• **WORK ORDER**:
Only text belongs in your copy of the listing below; reproduce it exactly and leave out the pictures.

━━━━━ PROVIDED ENTRIES

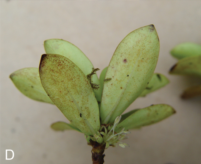 Coprosma meyeri W. L. Wagner & Lorence, branchlets with male flowers (Hiva Oa, Perlman 18337, photos D. Lorence)
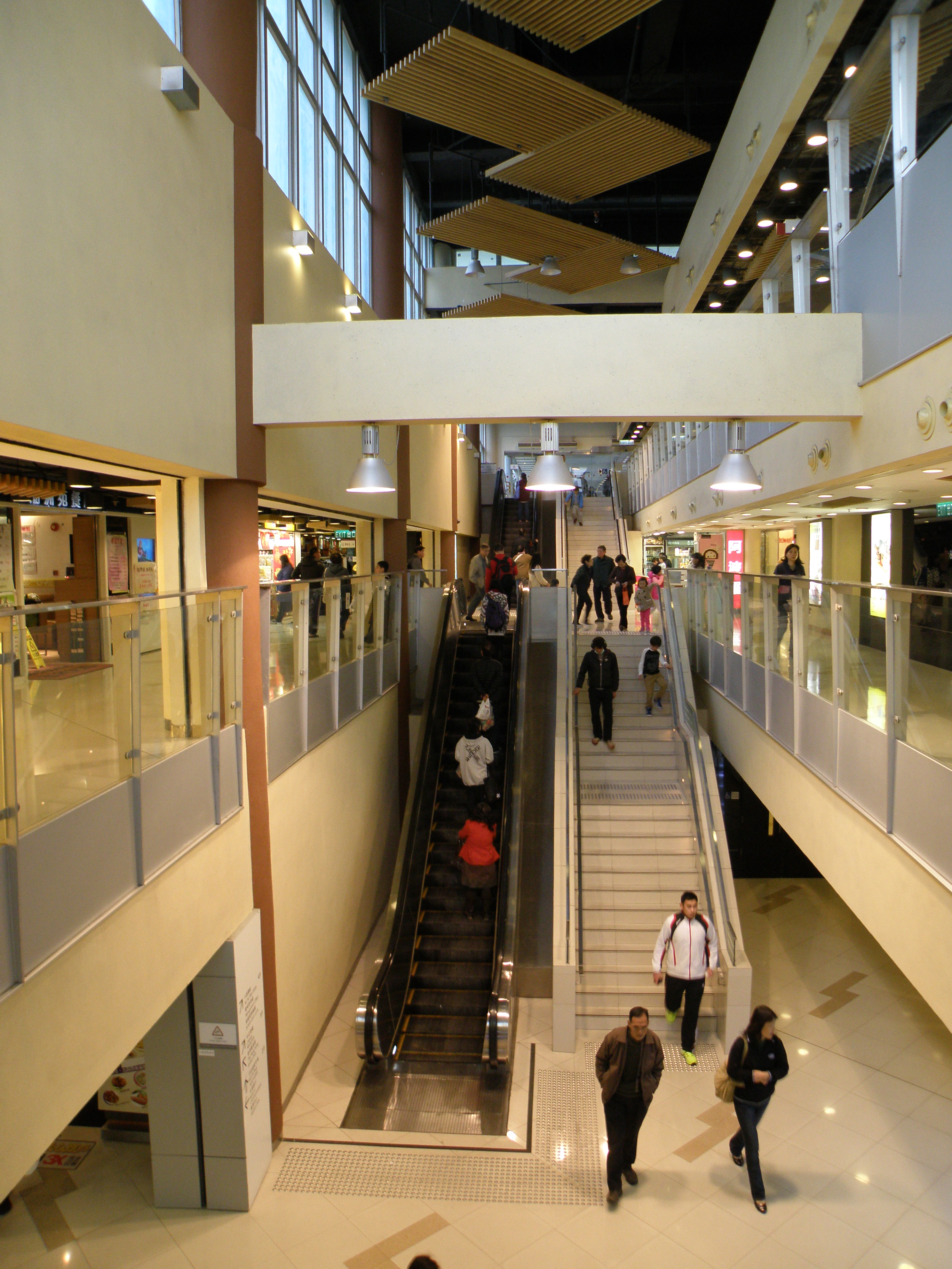 Siu Sai Wan Plaza in Siu Sai Wan, Hong Kong.
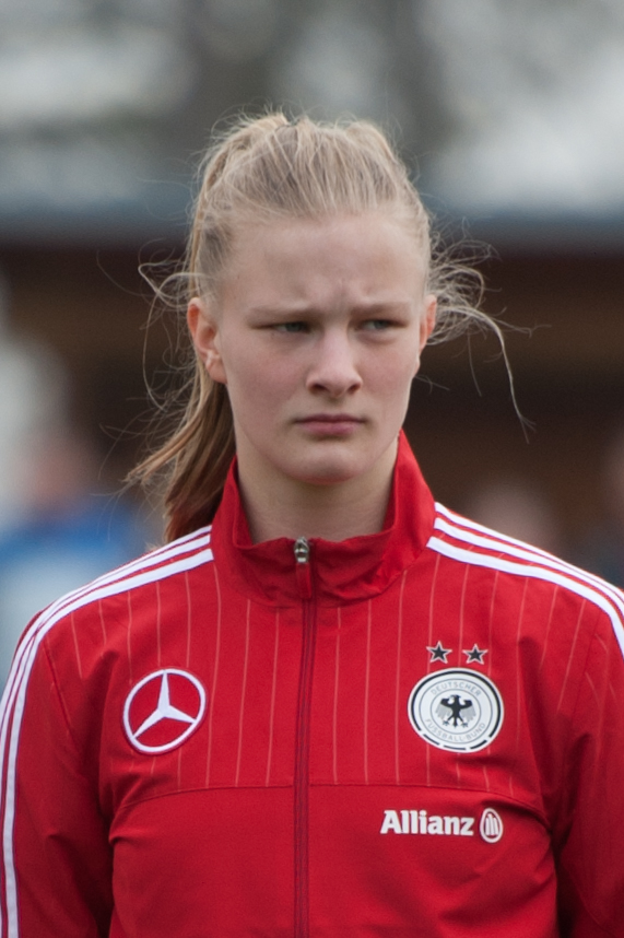 UEFA European Women's U17 Championship elite round Germany vs. Switzerland, 2016-03-19
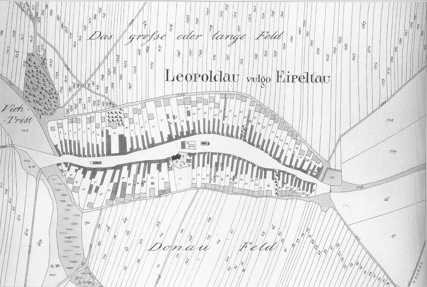 Map of Leopoldau (19th Century) (Wien, Austria)
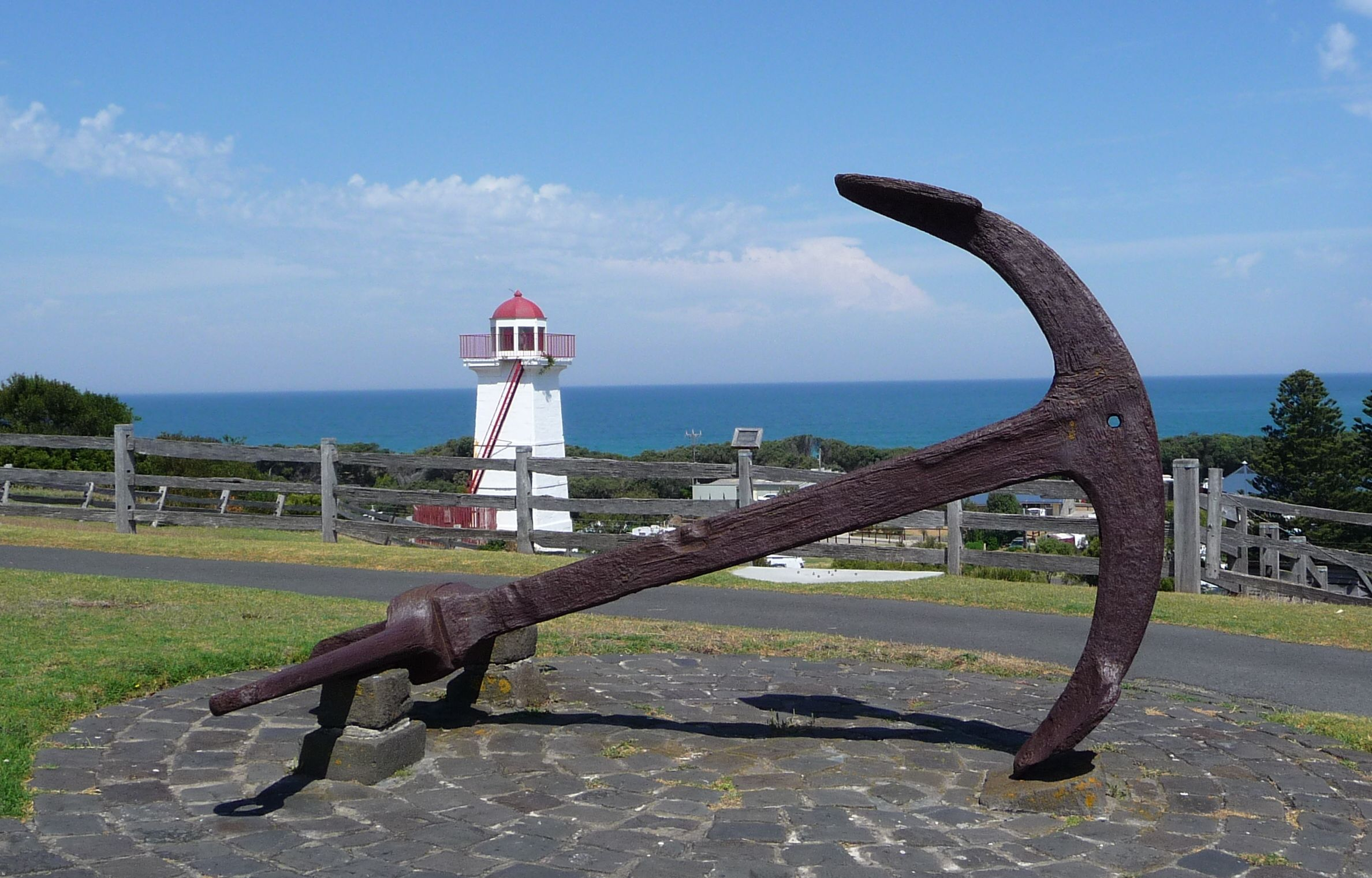 Anchor from the FALLS OF HALLADALE shipwreck, Victoria 1908
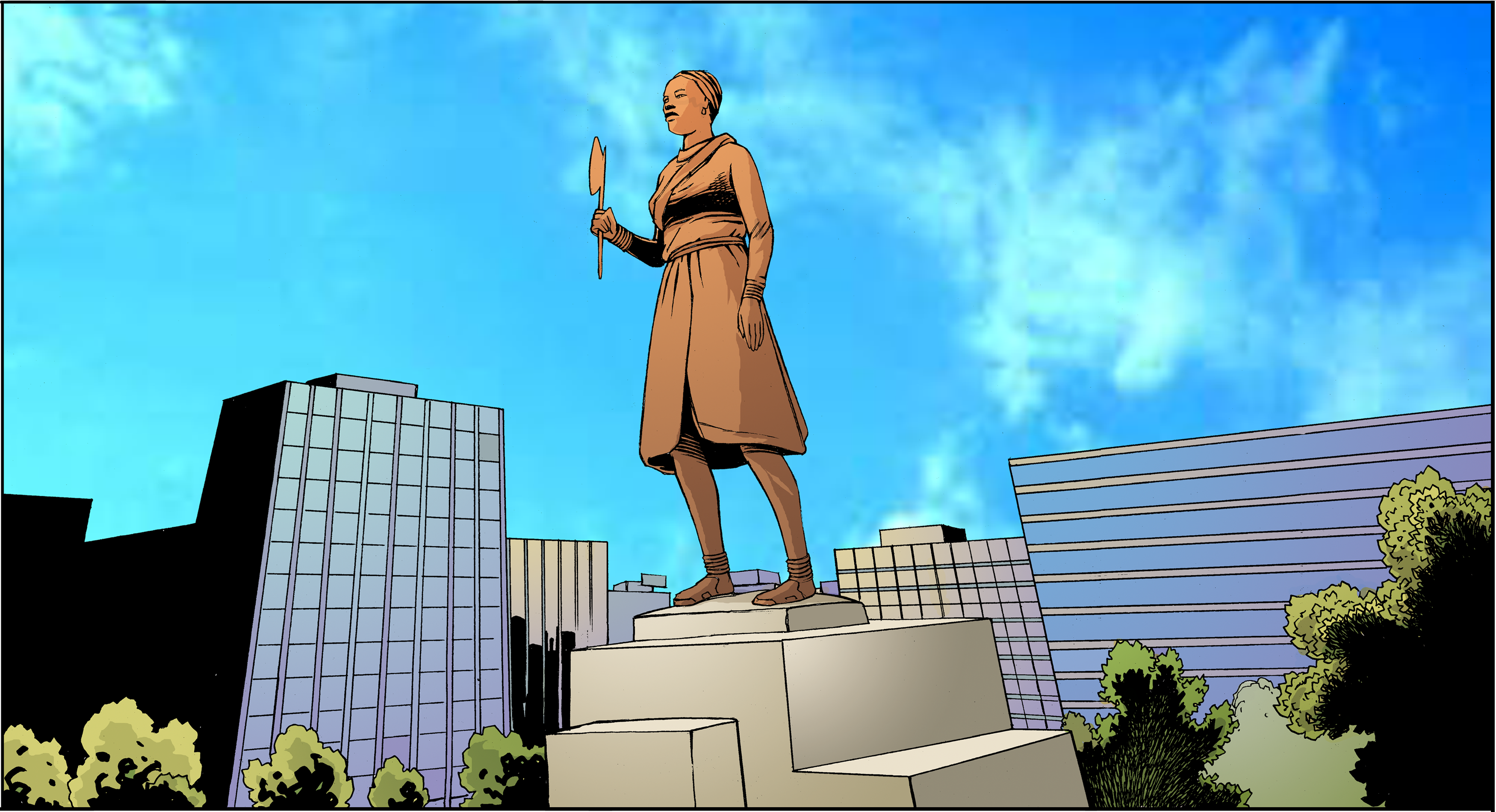 Taken from Nzinga Mbandi: Queen of Ndongo and Matamba from the UNESCO series on women in African history. Illustrations by Pat Masioni
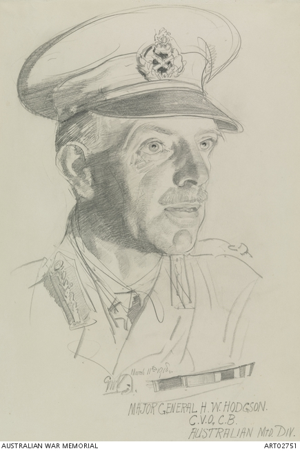 "Copyright expired - public domain - Major-General Sir Henry Hodgson, DCMG, CB, CVO was an officer of the British Regular Army. He served at Gallipoli and commanded the Western Force in Egypt against the Senussi. In Feb 1917, he was given command of the Imperial Mounted Division, later the Australian Mounted Division" This image is Crown Copyright because it is owned by the Australian Government or that of the states or territories, and is in the public domain because it was created or published prior to 1969 and the copyright has therefore expired. The government of Australia has declared that the expiration of Crown Copyrights applies worldwide. This has been confirmed by correspondence received by OTRS (Ticket:2017062010010417). This work is in the public domain in the United States because it meets three requirements: it was first published outside the United States (and not published in the U.S. within 30 days), it was first published before 1 March 1989 without copyright notice or before 1964 without copyright renewal or before the source country established copyright relations with the United States, it was in the public domain in its home country (Australia) on the URAA date (1 January 1996). For background information, see the explanations on Non-U.S. copyrights.Note: This tag should not be used for sound recordings.
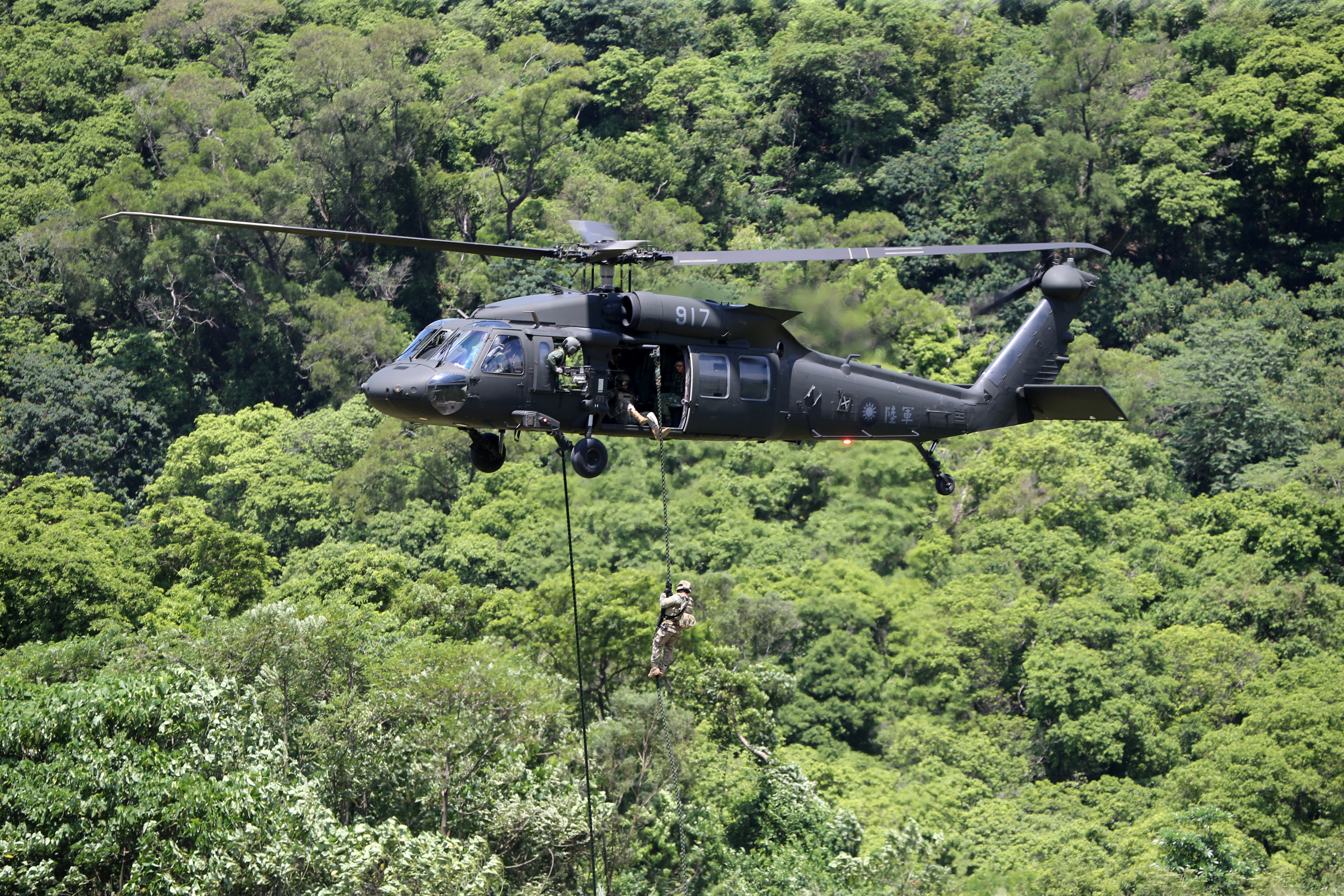 授權方式及範圍：中華民國總統府│政府網站資料開放宣告 Authorization Method & Scope: Office of the President, Republic of China (Taiwan) | Government Website Open Information Announcement
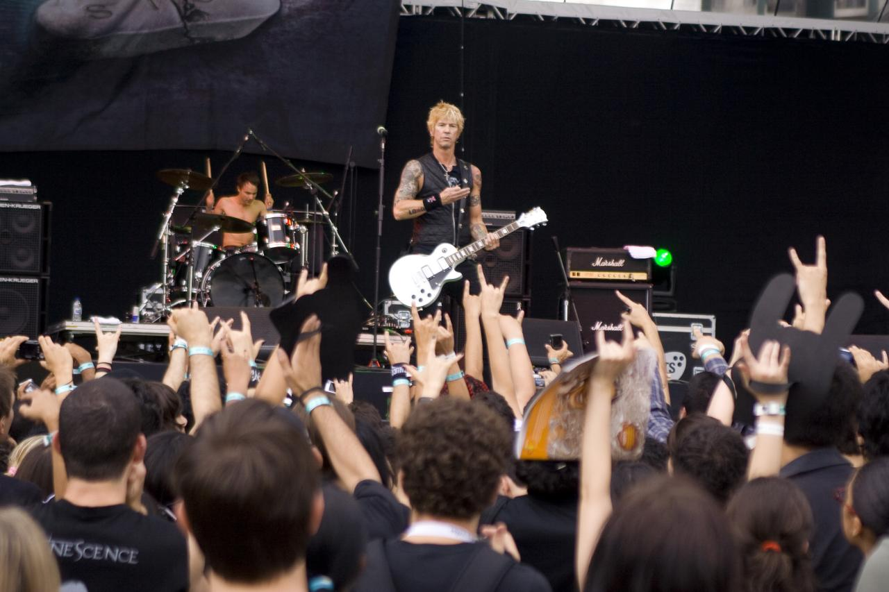 Duff McKagan's Loaded performing live at Maquinaria Festival in Sao Paulo, Brazil in 2009.
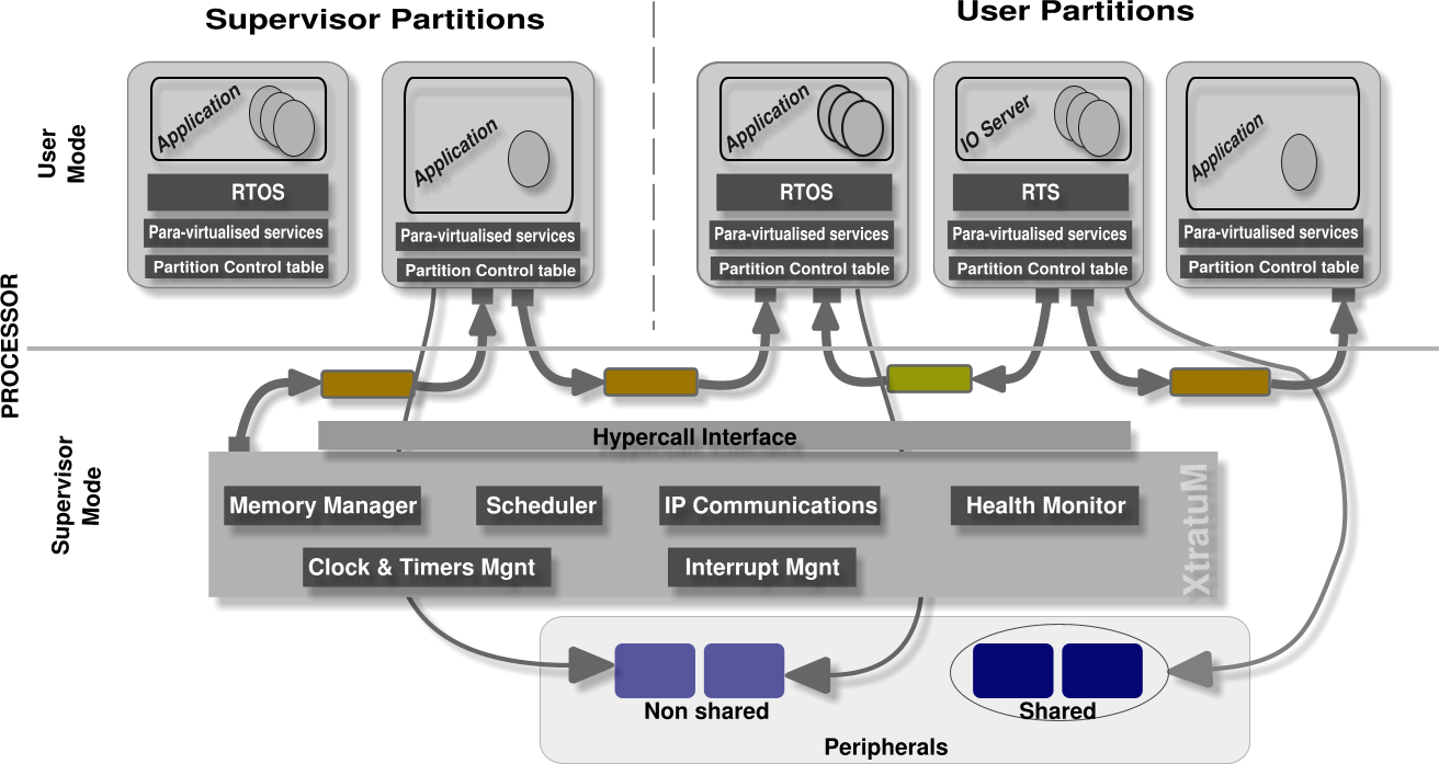 Description of the XtratuM hypervisor architecture
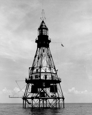 U.S. Coast Guard Archive Photo of Fowey Rocks Light, Florida
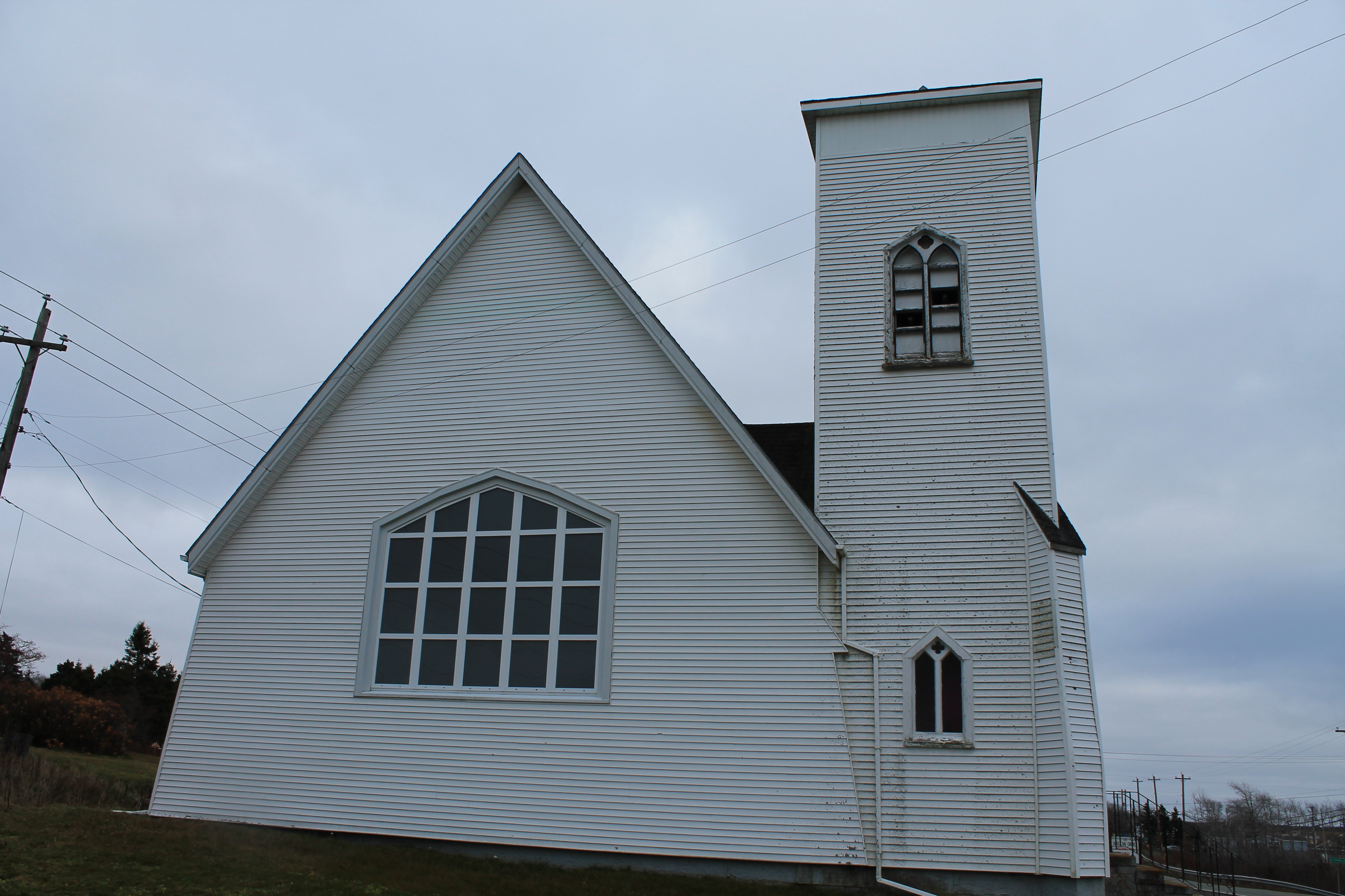 the second building, constructed in 1895 and designed by William Harris.

━━━━━━━━━━

• **SOLVED EXERCISE**:
 Coprosma meyeri W. L. Wagner & Lorence, branchlets with male flowers (Hiva Oa, Perlman 18337, photos D. Lorence)
 Siu Sai Wan Plaza in Siu Sai Wan, Hong Kong.
 UEFA European Women's U17 Championship elite round Germany vs. Switzerland, 2016-03-19
 Map of Leopoldau (19th Century) (Wien, Austria)
 Anchor from the FALLS OF HALLADALE shipwreck, Victoria 1908
 Taken from Nzinga Mbandi: Queen of Ndongo and Matamba from the UNESCO series on women in African history. Illustrations by Pat Masioni
 "Copyright expired - public domain - Major-General Sir Henry Hodgson, DCMG, CB, CVO was an officer of the British Regular Army. He served at Gallipoli and commanded the Western Force in Egypt against the Senussi. In Feb 1917, he was given command of the Imperial Mounted Division, later the Australian Mounted Division" This image is Crown Copyright because it is owned by the Australian Government or that of the states or territories, and is in the public domain because it was created or published prior to 1969 and the copyright has therefore expired. The government of Australia has declared that the expiration of Crown Copyrights applies worldwide. This has been confirmed by correspondence received by OTRS (Ticket:2017062010010417). This work is in the public domain in the United States because it meets three requirements: it was first published outside the United States (and not published in the U.S. within 30 days), it was first published before 1 March 1989 without copyright notice or before 1964 without copyright renewal or before the source country established copyright relations with the United States, it was in the public domain in its home country (Australia) on the URAA date (1 January 1996). For background information, see the explanations on Non-U.S. copyrights.Note: This tag should not be used for sound recordings.
 授權方式及範圍：中華民國總統府│政府網站資料開放宣告 Authorization Method & Scope: Office of the President, Republic of China (Taiwan) | Government Website Open Information Announcement
 Duff McKagan's Loaded performing live at Maquinaria Festival in Sao Paulo, Brazil in 2009.
 Description of the XtratuM hypervisor architecture
 U.S. Coast Guard Archive Photo of Fowey Rocks Light, Florida
 the second building, constructed in 1895 and designed by William Harris.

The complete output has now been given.